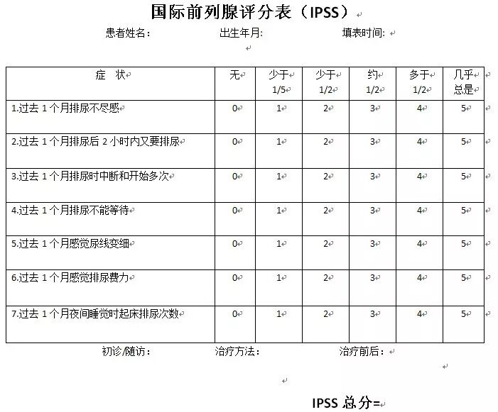 ●0-7分:轻度前列腺增生;
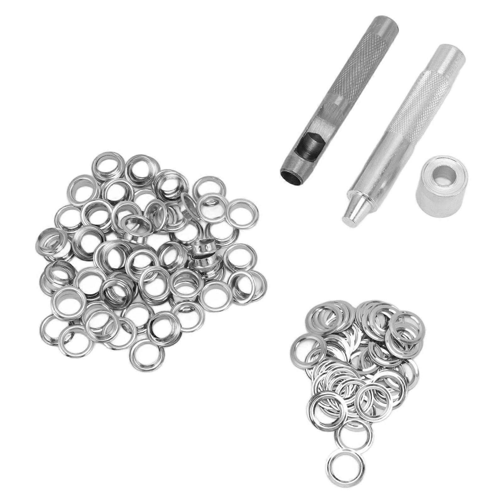 Grommet Tool Kit 100 Set Silver Steel Eyelets 1cm Hole Cutter
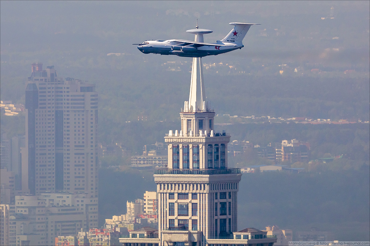 Самолёт дальнего радиолокационного обнаружения и управления А-50 на фоне «Триумф-паласа».
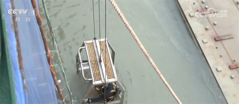 6月9日凌晨5時左右,準備潛水檢查作業(yè)的4名潛水員分別從船頭船尾下水,檢查即將安裝的最后一個管節(jié)兩端是否存在異物,并在水下安裝最終接頭測控設(shè)備。
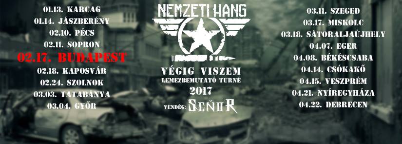 A 2009-ben alakult hajdúszoboszlói Nemzeti Hang zenekar legutóbbi nagylemeze, a Végig viszem 2015 novemberében jelent meg. A csapat most új nagylemezen dolgozik, de arra is maradt energiájuk, hogy leszervezzék első országos lemezbemutató turnéjukat. A turné február 17-én éri el a fővárost, a koncert a Székely Bujdosó vendéglőben lesz, vendégzenekarként pedig a karcagi SenoR játszik.
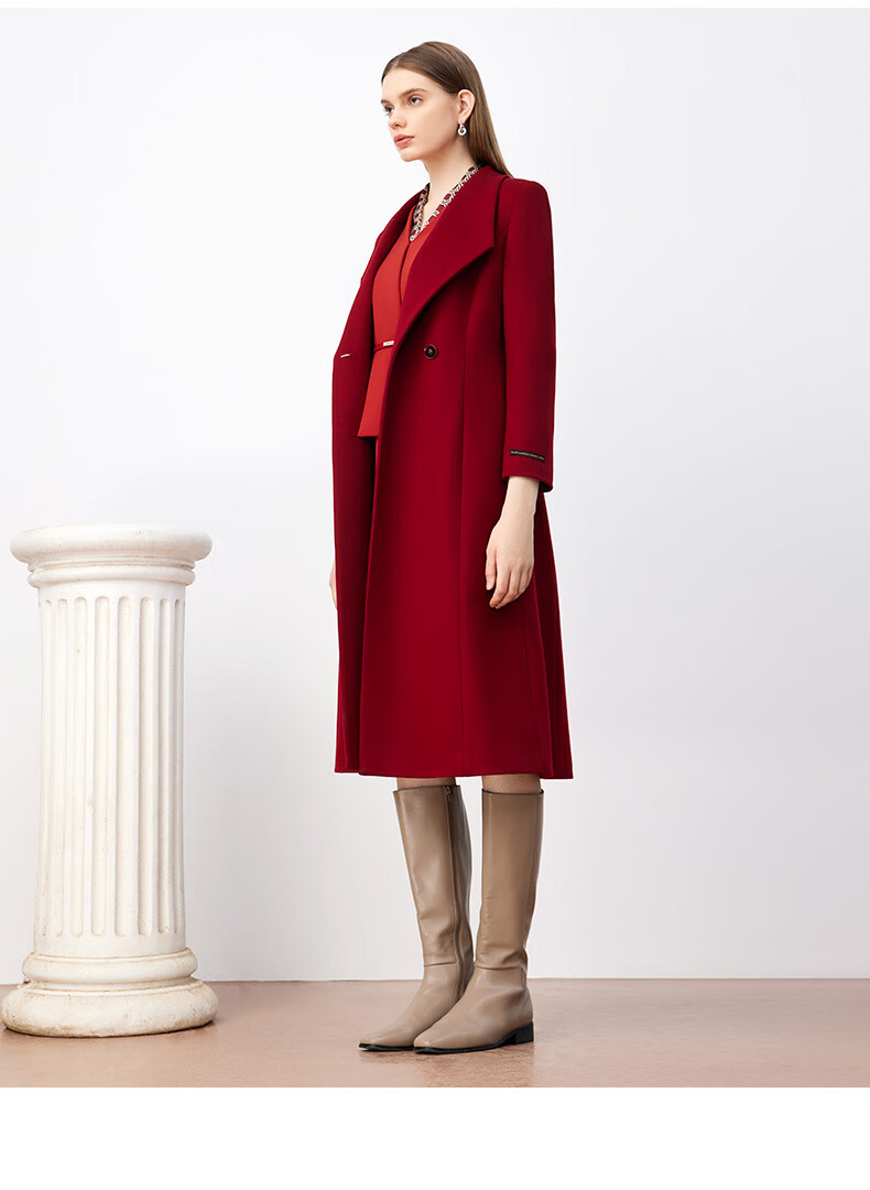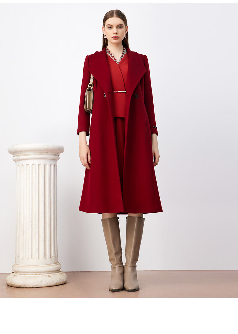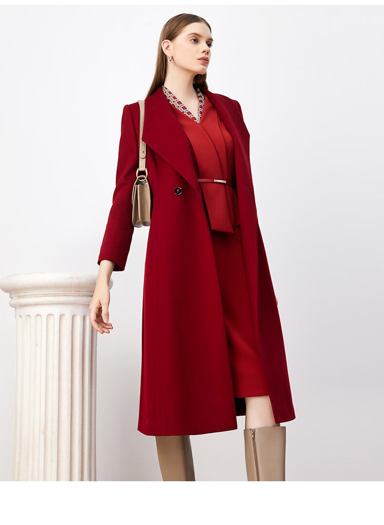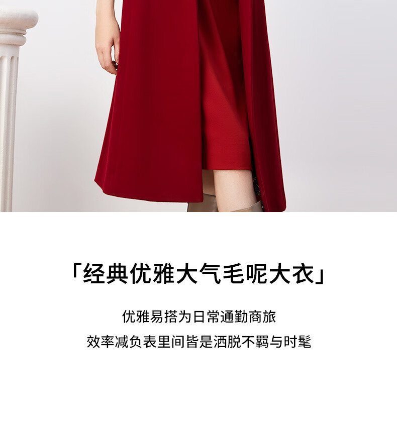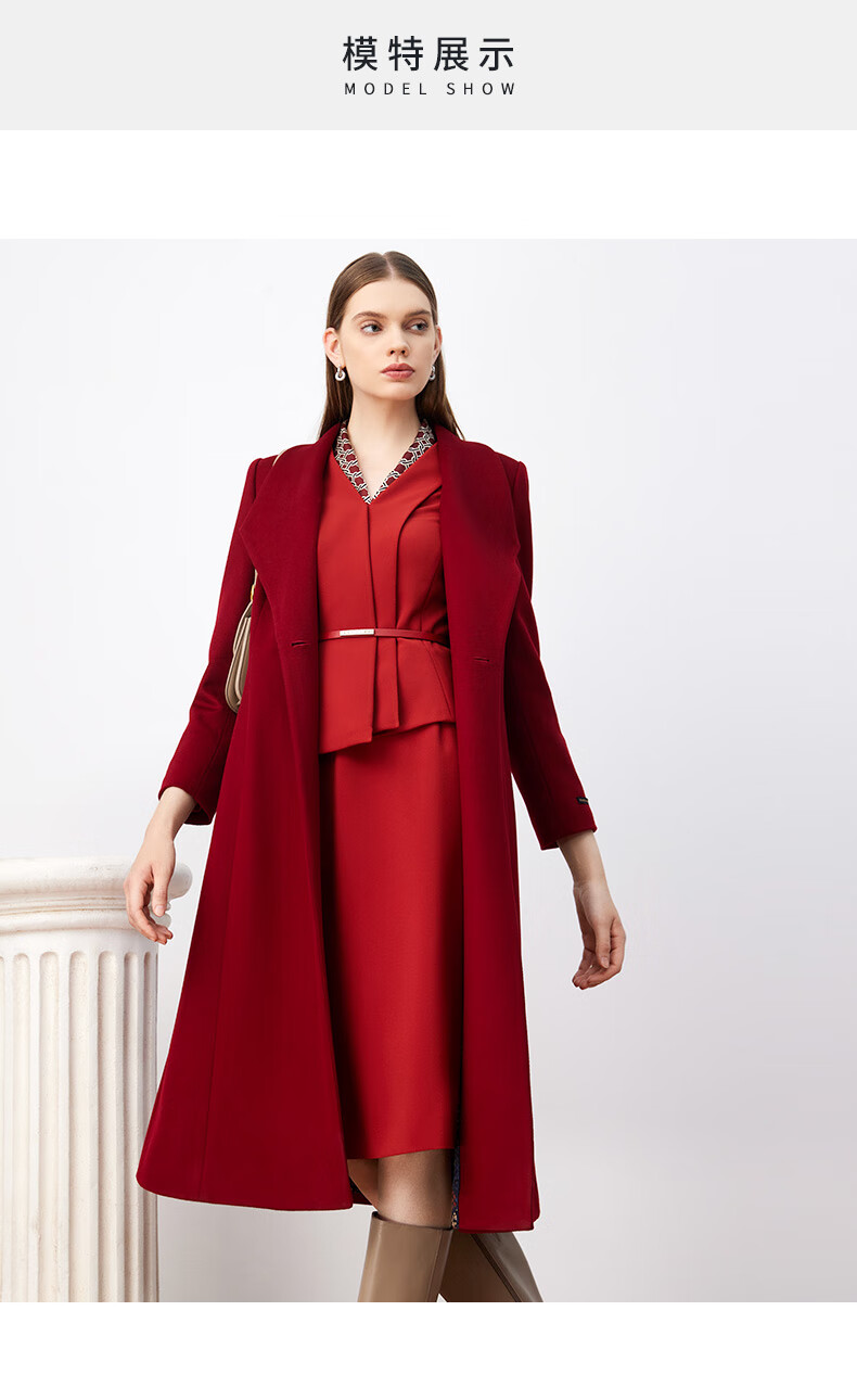 皮尔卡丹女装毛呢外套红色喜庆羊毛大衣女高级感大衣P3408C3983R0

[WORK INSTRUCTIONS]
Apart from the pictures, all of the data must be duplicated exactly as shown above.

[TASK RESULT]
 ●0-7分:轻度前列腺增生;
 Grommet Tool Kit 100 Set Silver Steel Eyelets 1cm Hole Cutter
 Самолёт дальнего радиолокационного обнаружения и управления А-50 на фоне «Триумф-паласа».
 6月9日凌晨5時左右,準備潛水檢查作業(yè)的4名潛水員分別從船頭船尾下水,檢查即將安裝的最后一個管節(jié)兩端是否存在異物,并在水下安裝最終接頭測控設(shè)備。
 A 2009-ben alakult hajdúszoboszlói Nemzeti Hang zenekar legutóbbi nagylemeze, a Végig viszem 2015 novemberében jelent meg. A csapat most új nagylemezen dolgozik, de arra is maradt energiájuk, hogy leszervezzék első országos lemezbemutató turnéjukat. A turné február 17-én éri el a fővárost, a koncert a Székely Bujdosó vendéglőben lesz, vendégzenekarként pedig a karcagi SenoR játszik.
 皮尔卡丹女装毛呢外套红色喜庆羊毛大衣女高级感大衣P3408C3983R0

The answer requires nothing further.